P1 The new Section 1 event-study figure plots df.attrs["dgp_truth"]["population_att"] as a horizontal “truth” line, but that value is the overall population ATT, not the event-study estimand ATT(e). That is methodologically wrong for an event-study plot and is visibly wrong on pre-treatment horizons.
The new DGP switches themselves (informative_sampling, heterogeneous_te_by_strata, return_true_population_att) are documented in the Methodology Registry and match the implementation.
No estimator code, variance code, defaults, or security-sensitive code changed in this PR.
I reviewed this source-only. I could not re-run the notebook in this sandbox because the available Python lacks the notebook dependencies (numpy/pandas).

Methodology

P1 Impact: The new truth overlay in Section 1 conflates the library’s simple overall ATT with its event-study ATT by horizon. The registry explicitly separates simple aggregation from event-study aggregation, so this is not a documented deviation. population_att is stored as the overall treated-observation-weighted ATT, while event-study aggregation targets ATT(e) by relative time. The notebook then draws that overall value as a flat line across all event times, including pre-treatment periods where true_effect is zero by construction. That can make correct horizon-specific variation look like estimator bias and teaches the wrong estimand. Concrete fix: replace the horizontal line with a horizon-specific truth series consistent with ATT(e) (0 for e < 0; for e >= 0, the survey-weighted mean of true_effect among observations with period - first_treat == e), or remove the truth line and keep the overall-truth comparison only in the scalar ATT block. Location: docs/tutorials/16_survey_did.ipynb:L215-L239, docs/methodology/REGISTRY.md:L308-L310, diff_diff/prep_dgp.py:L1287-L1293, diff_diff/prep_dgp.py:L1614-L1625, diff_diff/prep_dgp.py:L1670-L1715, diff_diff/staggered_aggregation.py:L543-L653.

Code Quality

No findings in the changed code.

Performance

No findings.
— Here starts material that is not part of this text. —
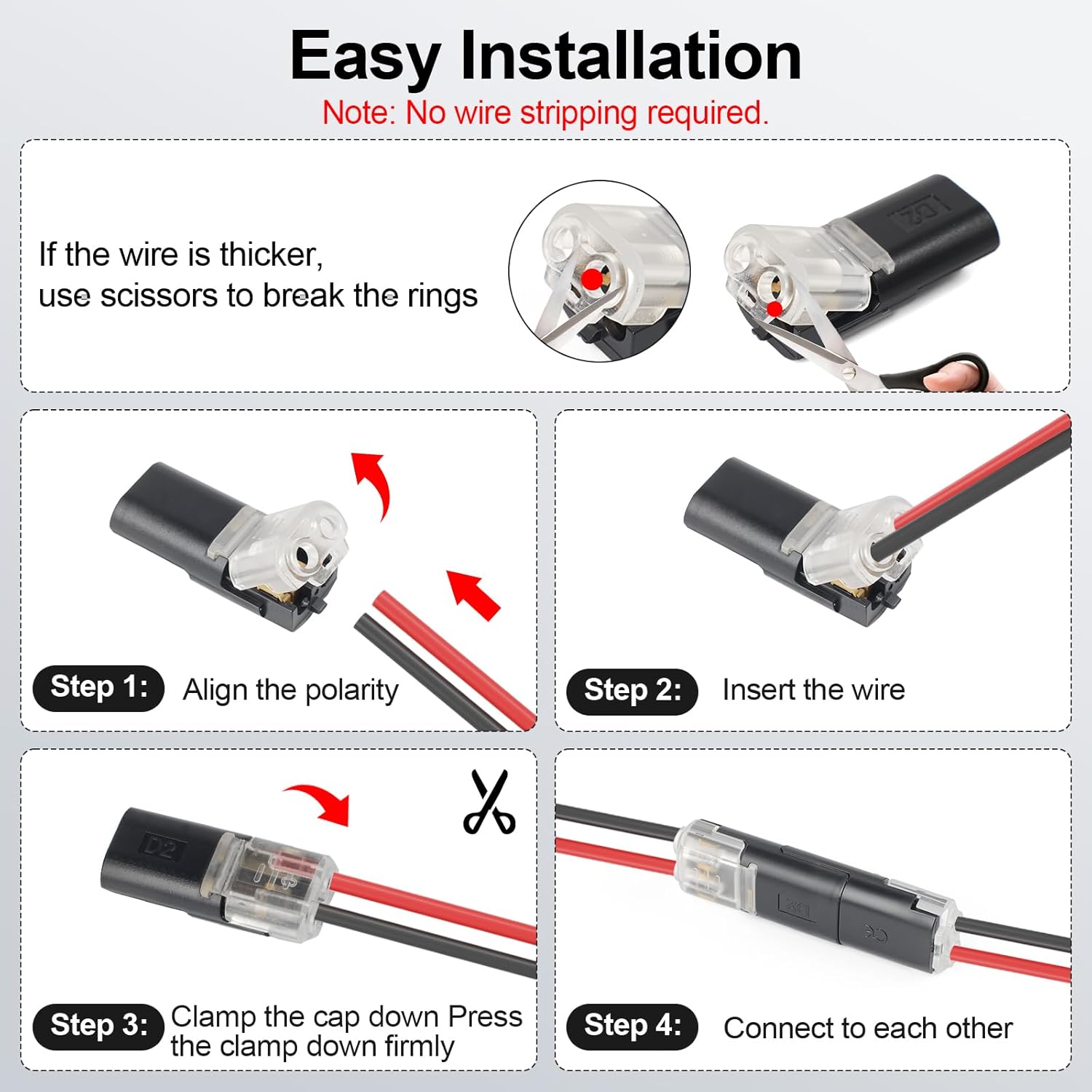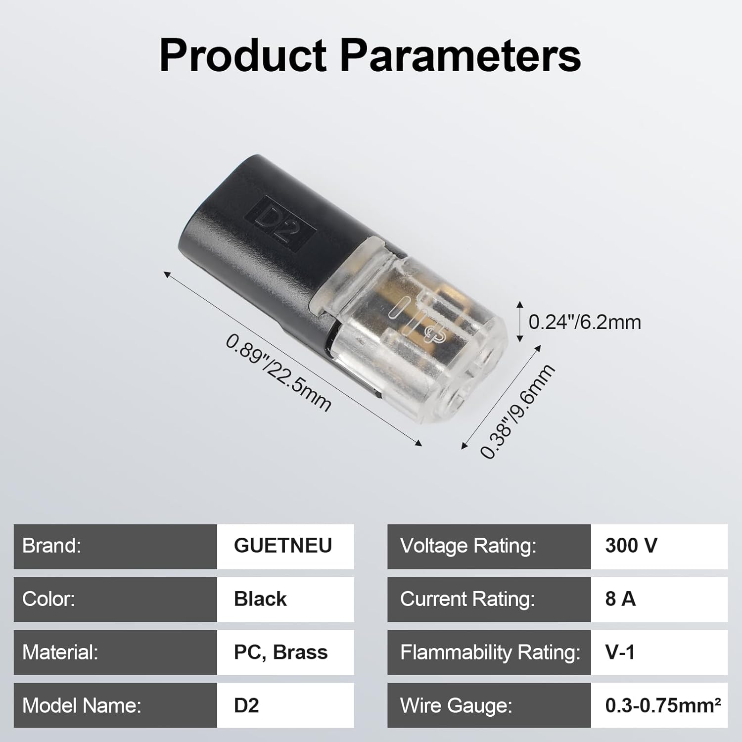 Conectores de fio rápido de dois pinos em ponte, terminais de plugue de dupla linha sem stripping necessários, contato

The added 200-draw Monte Carlo block is notebook-only and the claimed runtime is reasonable for docs.

Maintainability

No findings in the changed code path.

Tech Debt

No findings. I did not see a new untracked debt item that should block this tutorial-only PR.

Security

No findings. PR scope is limited to a notebook edit.

Documentation/Tests

No blocking findings.
Note: I could not independently execute the notebook in this sandbox because the available Python environment is missing notebook dependencies.

Path to Approval

Fix or remove the Section 1 event-study truth overlay so the plotted “truth” matches the event-study estimand ATT(e), not the overall population_att.

Replace the flat horizontal population_att line with a per-horizon truth series: ATT(e)=0 for pre-treatment, and the survey-weighted mean of true_effect among treated observations at each horizon for post-treatment. The truth now correctly varies by horizon due to cohort composition changes (e.g., 2.62 when both cohorts contribute vs 1.95 when only cohort 3 remains at longer horizons). Addresses P1 from AI review on PR #277. Co-Authored-By: Claude Opus 4.6 (1M context) <noreply@anthropic.com>

igerber · 2026-04-06T15:48:13Z

/ai-review

github-actions · 2026-04-06T15:56:34Z

🔁 AI review rerun (requested by @igerber)

Head SHA: ee96e3664e592043a718904de48f73b2e0af907d

Overall Assessment

⚠️ Needs changes

Executive Summary

The previous re-review blocker is resolved: the event-study figure now overlays a horizon-specific truth series instead of reusing scalar population_att, which is consistent with the documented ATT(e) aggregation. docs/tutorials/16_survey_did.ipynb:L237-L254, docs/methodology/REGISTRY.md:L308-L310
P1 The new Section 1 DEFF subsection defines DEFF = (SE_survey / SE_naive)^2 using the fully unweighted fit as the denominator. The registry and compute_deff() define DEFF against an SRS baseline for the same estimator, so this is an undocumented methodology mismatch. docs/tutorials/16_survey_did.ipynb:L281-L320, docs/tutorials/16_survey_did.ipynb:L925-L936, docs/methodology/REGISTRY.md:L2437-L2447, diff_diff/survey.py:L775-L855
Because of that mismatch, the new “≈ 474 SRS obs” effective-sample-size statement is not methodologically supported as written. docs/tutorials/16_survey_did.ipynb:L315-L320
No estimator implementation, default behavior, or security-sensitive code changed in this PR.
I reviewed this source-only; I could not rerun the notebook here because the sandbox Python lacks numpy/pandas.

Methodology

Affected methods: tutorial exposition for CallawaySantAnna overall/event-study output and survey DEFF diagnostics.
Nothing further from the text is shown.